Thank you very much. This worked for me.

you saved my day and Macs space. thanks so much for creating the webpage with nice documentation.

Sometimes I want to keep a conversation. I want to reference old e's from and to what has been done before. Or just keeping the fact that we talked about this. i.e. when getting help from Apple, I need the old Apple reference number and what we did. Same with other Computer help. I send the emails to a box by rules.Thats where I want to keep them. This also applies to email I don't have time to read and explore. I just clear the inbox and keep it open to new emails in my Sierra email boxes.
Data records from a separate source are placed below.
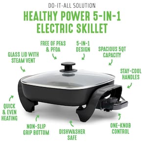 Se você procura por uma cozinha completa que pode ser apenas conectada, não procure mais. Com a Frigideira Elétrica 5 em 1 GreenLife, você pode fritar, refogar, assar, grelhar, cozinhar no vapor e muito mais. Nosso revestimento antiaderente cerâmico saudável foi especialmente projetado para aparelhos de cozinha, proporcionando um desempenho antiaderente ideal. Além disso, nosso revestimento é livre de PFAS, PFOA, grafite e cádmio, permitindo que você cozinhe de forma mais saudável. Com capacidade de 4,7 Litros e área de superfície de 30,48 x 30,48 cm, você tem espaço suficiente para porções grandes que toda a família pode desfrutar, desde grandes lotes de panquecas e ovos de manhã até deliciosas lasanhas e filés de frango à noite. O controle de um botão permite ajustar a temperatura desejada para resultados perfeitos, enquanto os cabos frios ao toque e a base antiderrapante mantêm você confortável e no controle. Além disso, a tampa de vidro temperado mantém o calor, a umidade e o sabor enquanto você acompanha o progresso das refeições. Basta limpar a frigideira quando terminar ou colocá-la na lava-louças para sujeiras difíceis. Não perca a chance de ter uma cozinha saudável e funcional com a GreenLife!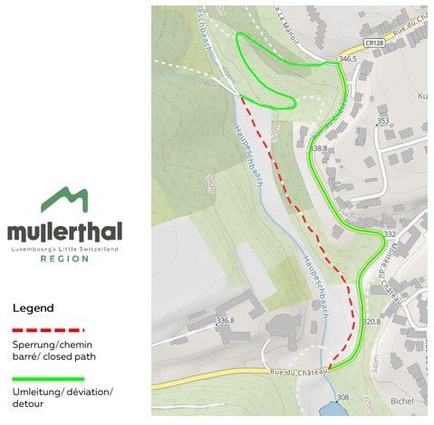 La première partie du parcours passe par le château via une passerelle jusqu'à Klingelbur (l'ancien lieu de lavage du château). Ensuite, le parcours continue en passant par Klaisgen (une petite chapelle située à 50 mètres à gauche du parcours) et le long des formations rocheuses du Birkbaach et de la Herkuleskapp. Le chemin longe ensuite le bord du plateau de Beaufort au-dessus de la réserve naturelle de Saueruecht, pour descendre près de Köppeglee dans la pittoresque vallée du Halerbaach et du Haupeschbaach, et enfin revenir au point de départ.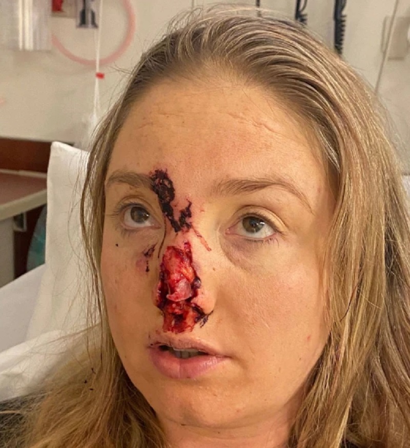 سپتوم و غضروف او توسط سگ پاره شده بود، اما پل و بیرون سوراخ های بینی او دست نخورده باقی مانده بود.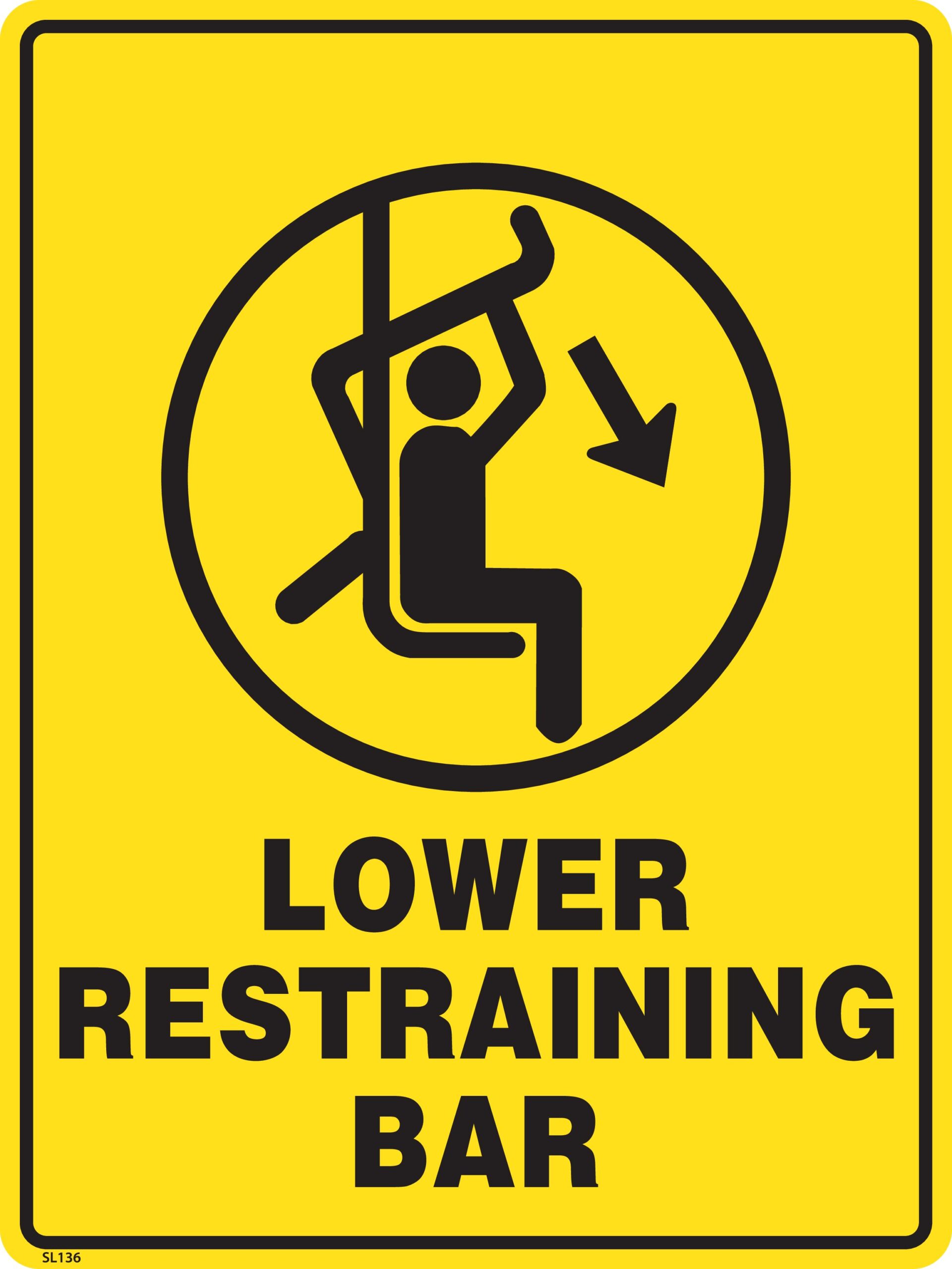 Ensure rider safety and compliance with the Lower Restraining Bar lift sign, an essential reminder for passengers to lower the restraining bar immediately after loading the chairlift. This sign plays a critical role in accident prevention by reinforcing the importance of lowering the safety bar for the entire ride until unloading.

I can't find a solution to this Gmail issue: Suddenly, my gmail inbox became painfully slow (up to 20 min for new messages). Well before this I was also seeing huge message downloads regularly at the bottom of the mail window. Running iMac mid 2009 High Sierra 10.13, lots of disk space, 16gb memory. these problems are new-before everything was great. Help, anyone? I'm soon for the funny farm. Thanks

I do believe that did the trick! I set it to 2000 emails and from my test seems to work perfectly. Many thanks. Robert P.S. started happening with Seirra and now running Mohave OS

Thank you, great article! Really needed this info. Quick question - how does this affect searching on the mac - i.e. if I search for a keyword, does the mac first search what's been synced to its folders, and then go to the Google server to search items from longer ago than the last <1000, 2000,...> that have been downloaded?